What is it that you've created that other people might want to use?
Did you add a machine that has some sort of recipe?
Did you add a machine that has some sort of recipe?
Do you have some capability that could be exposed?
Do you have some other mechanism that other mods might either want to know about, modify, supply data to, or get data from?
Do you have block properties that aren't vanilla?
First, create an API package separate form your mod. In there create interface that declares the action you want to expose.
Second, implement that interface on the class that's already handling those actions.
Third, store a reference to the instance in an API location (don't forget to instantiate it).
Fourth, convert all existing references over to use the API instead.
If you do things right, the game won't crash and your machine will still work. Congrats, you made an API. If you don't use your own API, you can't test it. And if you don't test it, you won't realize that something's wrong (it took Reika and I back and forth over 3 revisions of his API before I could add a recipe to the Rotary Craft Extractor).
You can do the same thing for block properties, capabilities, and other things as well.

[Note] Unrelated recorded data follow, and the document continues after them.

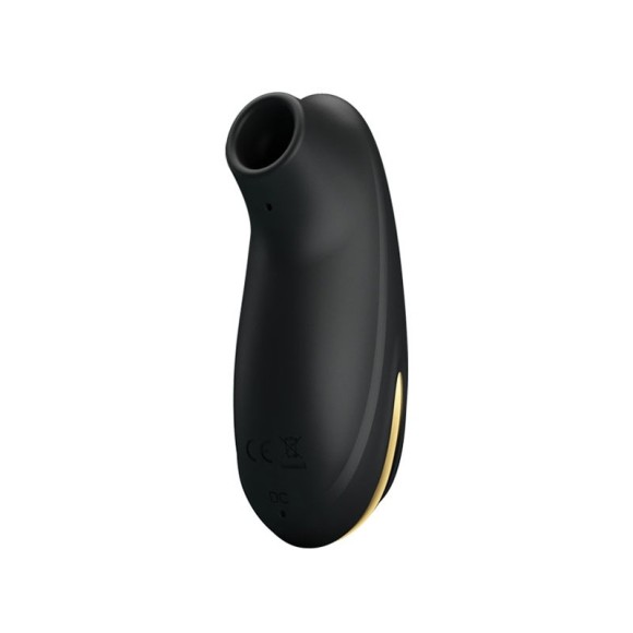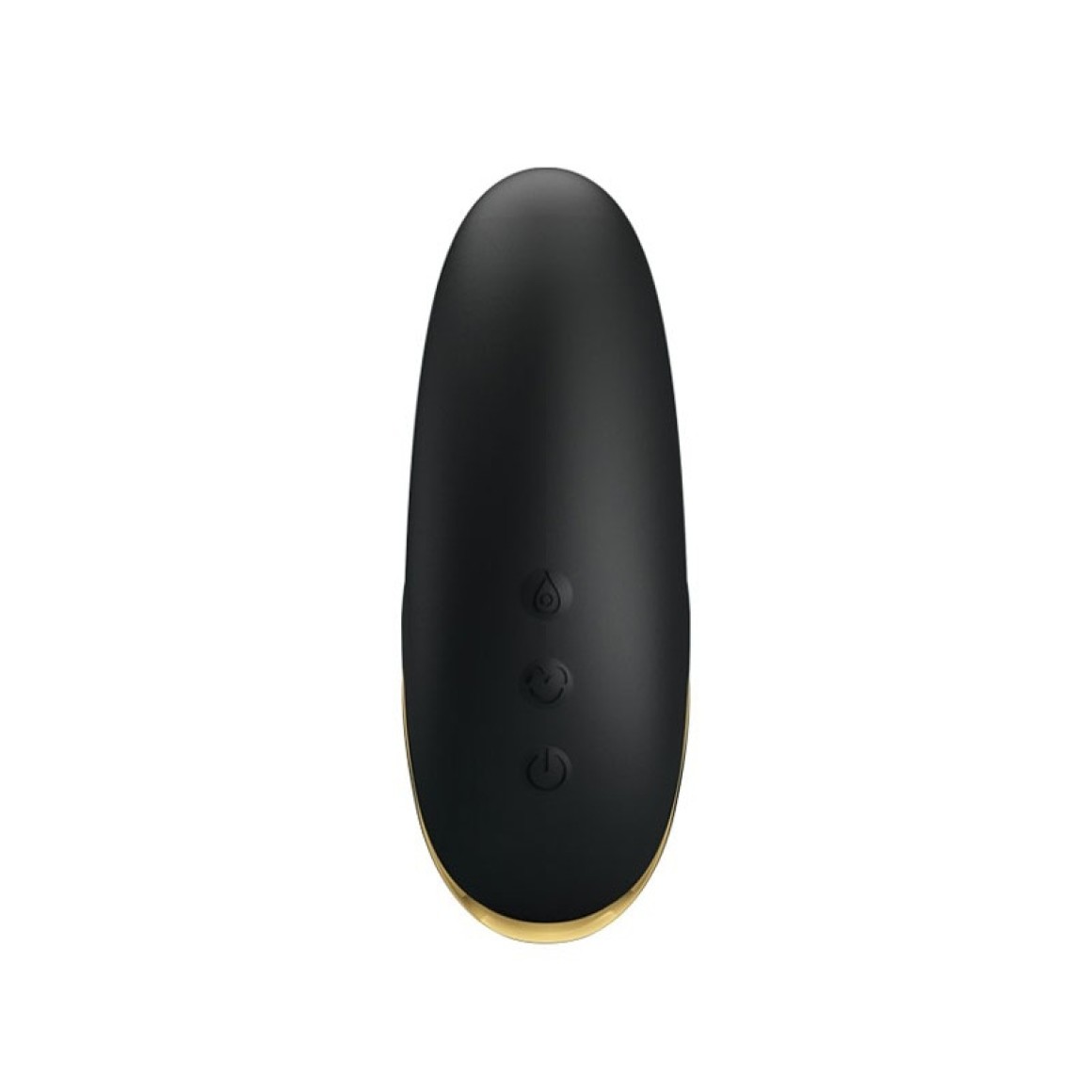 Estimulador feminino recarregável com sucção, base feita em aço inoxidável banhada em ouro 18k. Possui 7 funções de sucção.
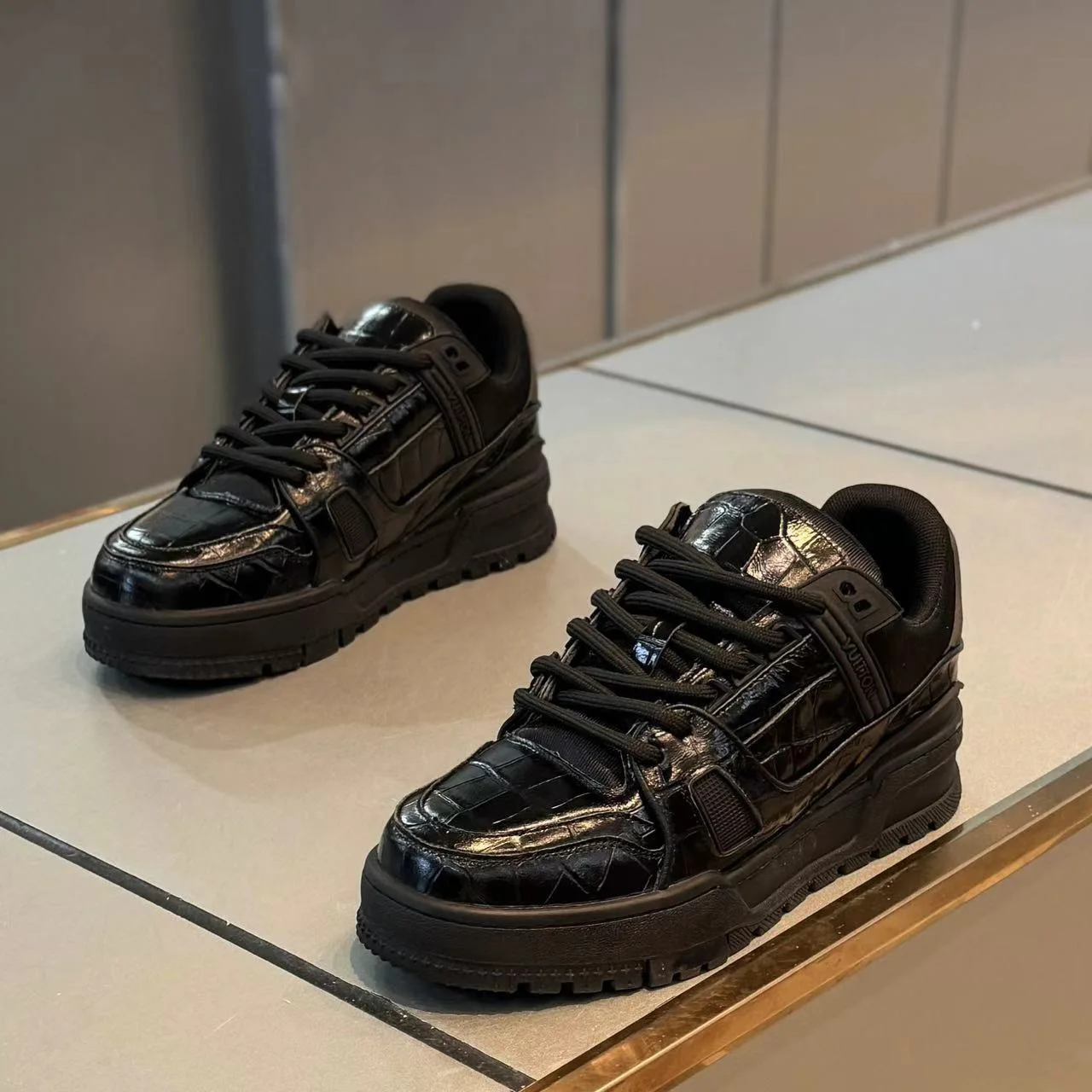 Trendy brand ruffian handsome high-end thick-soled skateboard shoes autumn new versatile crocodile pattern casual shoes
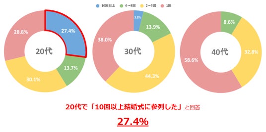 - 20代の約3割が、直近5年以内に「10回以上結婚式に参列した」と回答
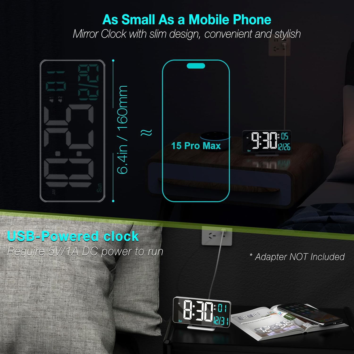 - [6.7in White Alarm Clock] This stylish LED desk clock features 6.7-inch display of mirror clock style, dual alarms, 12/24-hour format, date, day of week, seconds, temperature (℉ / ℃), and auto/manual dimming, it is also a aesthetic digital calendar and cute alarm clock for bedroom with white and sky blue numbers. Additionally, the bright white and sky blue digits make the desk clock cool and easy-to-read.
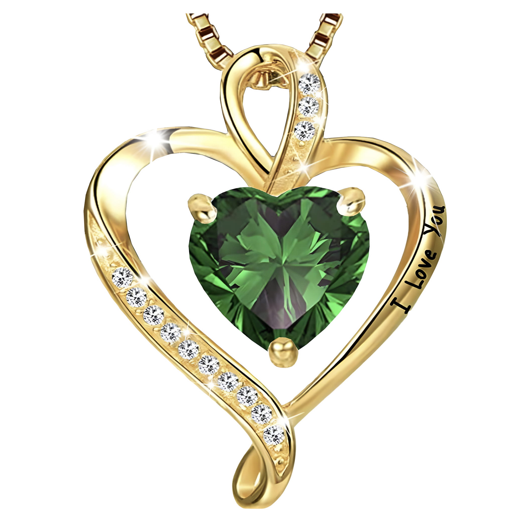 Pozłacany Naszyjnik Serce z Kamieniem w Kolorze Szmaragdu i Grawerowanym Napisem "I Love You"
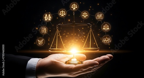 Concept of legal justice with a scale in a hand, surrounded by icons symbolizing law and order and the legal process
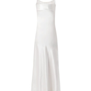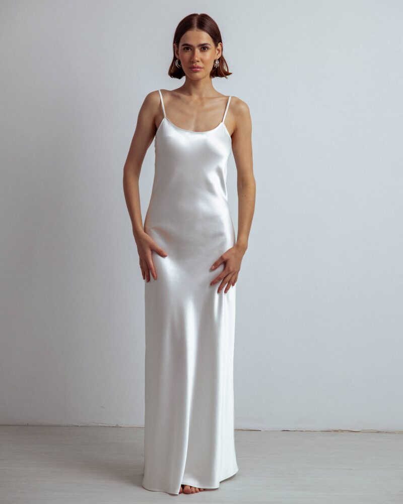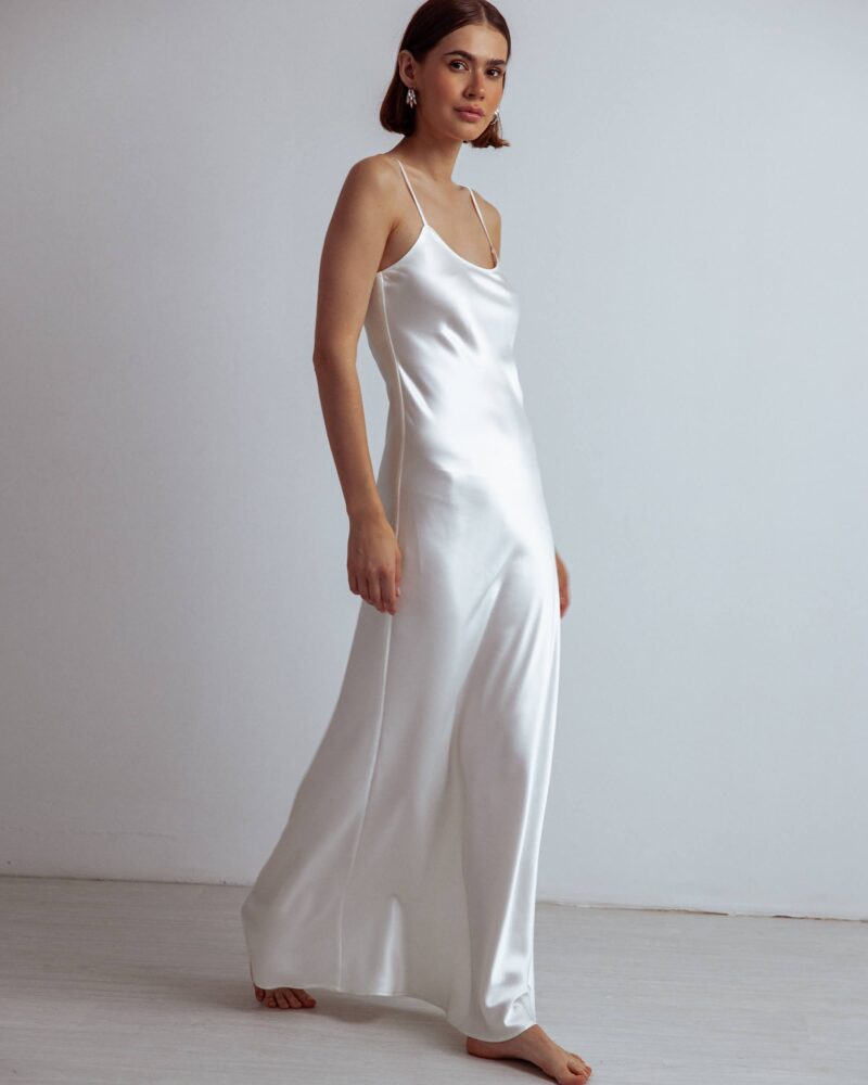Długa, jedwabna sukienka z cienkimi regulowanymi ramiączkami inspirowana bieliźnianymi sukienkami z lat 90.

However there's other things to keep in mind as well:
Once you've declared the interface and released it, it's effectively permanent. You've signed an API contract that says that these methods exist and are guaranteed to exist. If you change the method signatures in the future, it won't be your mod that crashes, but the mod that tried to use your API. And users will complain to them even though it's your fault. Imagine how frustrated a player would be if that other mod author vanished from modding and you changed the API: users would be hammering a brick wall with no response, unable to use two of their favorite mods together.
Instead, you should mark the methods in the interface as @deprecated (so that no one else starts using them) and in the implementation, make a best-guess conversion to the new method. If it can't be done at all, then just leave an empty method stub. The two mods won't integrate as they used to, but they'd still run. You can throw warnings and log messages and non-fatal errors all you'd like, but the JVM should never crash.